Alexandra Frosterus-Såltin | |
Birth Date: | 6 December 1837 |
Birth Place: | Ingå, Finland |
Death Place: | Vaasa, Finland |
Alexandra Theodora Frosterus-Såltin (6 December 1837 – 29 February 1916, Vaasa) was a Finnish-Swedish genre painter and illustrator, who is also known for her altarpieces.
She was born in Ingå, Finland, in 1837. Her father, Benjamin, was a theology professor and her mother, Vilhelmina, was Finland's first female graduate student. Her mother died when he was seven, and her father remarried in 1846. Most of her childhood was spent in Vaasa, where her father was a church official. At the age of fourteen, she left home to become a private student of Robert Wilhelm Ekman in Turku, and studied with him for five years.[1]
In 1858, on Ekman's recommendation, she was asked to provide drawings for a publication by Raittiuden Ystävät (a Finnish temperance society), an anti-alcohol booklet called ('The Life Story of Pernicious Tommy').[2] Her drawings were engraved by F. O. Liewendahl (fl.1850s-1860s) and the booklet was reissued for many years.[3] The story itself (by an unknown writer) came to be referenced in several popular songs, as recently as 1982 by the Finnish rock band Eppu Normaali.

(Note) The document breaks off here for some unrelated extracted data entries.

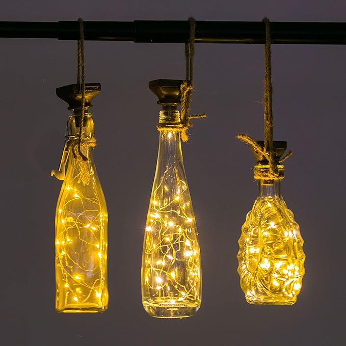 - 【The Perfect Gift for Your Loved Ones】: These exquisite wine bottle lights combine artisanal craftsmanship with enchanting charm, featuring a handmade waterproof copper string lights adorned with 20 twinkling fairy lights. Their whimsical glow transforms any bottle into a magical luminary, creating a captivating ambiance that makes them the perfect gift to express your affection.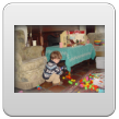 In de kamer: "lampe aan", nee hoeft niet, straks weer als het donker wordt. Bart is het er niet mee eens: "die aan, die aan" en wijst. Nee hoeft echt niet, maar Bart loopt vliegensvlug naar de lamp boven de houtkist en doet hem aan. Neenee, daar mag je niet aankomen, Bart trekt een pruillip en zoekt de confrontatie: "lamp aan! (nee straks), lampe aan kaks, kopt ja (en knikt heftig met z'n hoofd), die aan kaks, kopt ja (half huilend), lampe uit, jammeg". Een beetje verbaasd over deze kleine uitbarsting leid ik hem maar gauw af: kom op de bank bij het raam, even kijken of er al vogels zijn. Bart is de lampen vergeten: "nee nogge niet, fofes boom". Nog even naast me op de bank een koekje eten en dan begint Mickey Mouse. Bart zit 10 min. rustig te kijken en dan spurt hij naar de keuken, haalt keukenkast leeg, gooit alles in de gootsteen "plons - plons". Weer naar de kamer, even mikkie mouse kijken, weer naar de keuken - voor het raam duiven kijken die nu aan het eten zijn terwijl hij staat te filosoferen: "same tafe buite, Bart lase aan, oma lase aan, jas aan, binne, lampe uit jammeg". Weer naar de kamer, kijken laatste stukje mikkie mouse en verder spelen met lego: "towe bouwe, oto lijle, nog eentje, bauw, hood". Dan weer poppenhuis, loopauto rijden, lego, onrust.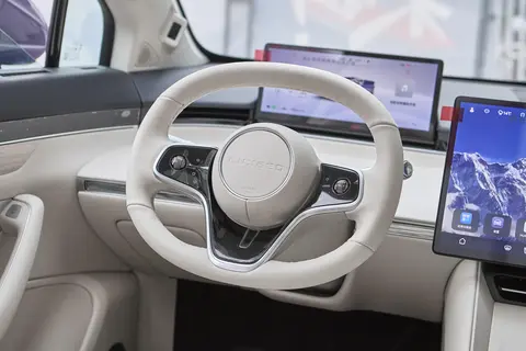 智界R7的内饰风格简约而不失时尚感,游艇式环抱座舱设计提升了车内的高级感。车内大部分地方都采用了皮质材料进行包裹,触感细腻,提升了乘坐的舒适度。内饰配色方面,提供了白沙杏、琥珀棕、雀羽红、松露棕四种配色供消费者选择。车内配备了两块大屏幕,分别是12.3英寸的全液晶仪表盘和15.6英寸的悬浮中控屏,科技感十足。内置HarmonyOS车载智能系统以及基于大模型的小艺语音助手等功能,为驾驶者提供了全方位的智能交互体验,支持语音助手、远程控制、智能导航等功能,使得驾驶者在行车过程中能够更加便捷地获取信息、控制车辆。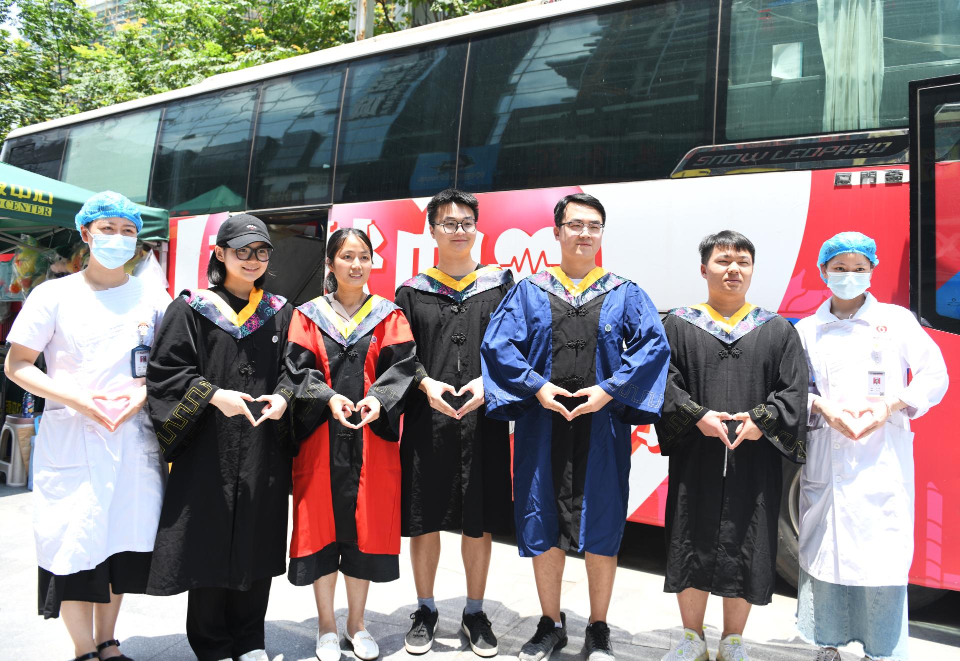 2022年6月14日,51吃瓜网 6名毕业生不约而同来到学校附近的光谷献血点,参加无偿献血。张玉贤 摄

Later in 1858, she held her first exhibition of serious works at the Finnish Art Society and received a scholarship. She went to Düsseldorf to continue her studies, but had to take private lessons again, as the Academy did not accept women at that time. Originally, she had wanted to study with Adolph Tidemand, but he did not give private lessons, so she studied with the religious painter Otto Mengelberg instead, staying with him until 1862. After that, she was able to study in Paris, where she had her first experience painting with live models at the workshop of Jean-Baptiste-Ange Tissier.
She returned to Vaasa in 1866 to marry Fredrik Viktor Såltin (1833–1873), who was a doctor.[4] This left her temporarily isolated from the art world, although she continued to paint scenes of her home and family. After finding herself a widow with three children, she decided to become an art teacher, inspired by the recent death of her old mentor, Ekman. The following year, finding her income insufficient, she moved to Turku to become a teacher at the Art Society's drawing school, where she remained through 1889.
Her salary was never very high, however, so she also taught at secondary schools and, in 1877, began accepting commissions for church paintings, which she continued to do until 1915. Her first altarpiece, depicting Jesus at Gethsemane, was in the Törnävän Church, in Seinäjoki. Gradually, her painting took precedence over her teaching. She eventually created about 70 altarpieces, most of which are variations on a few basic designs. About 50 of them still exist. Some have been reproduced on postcards.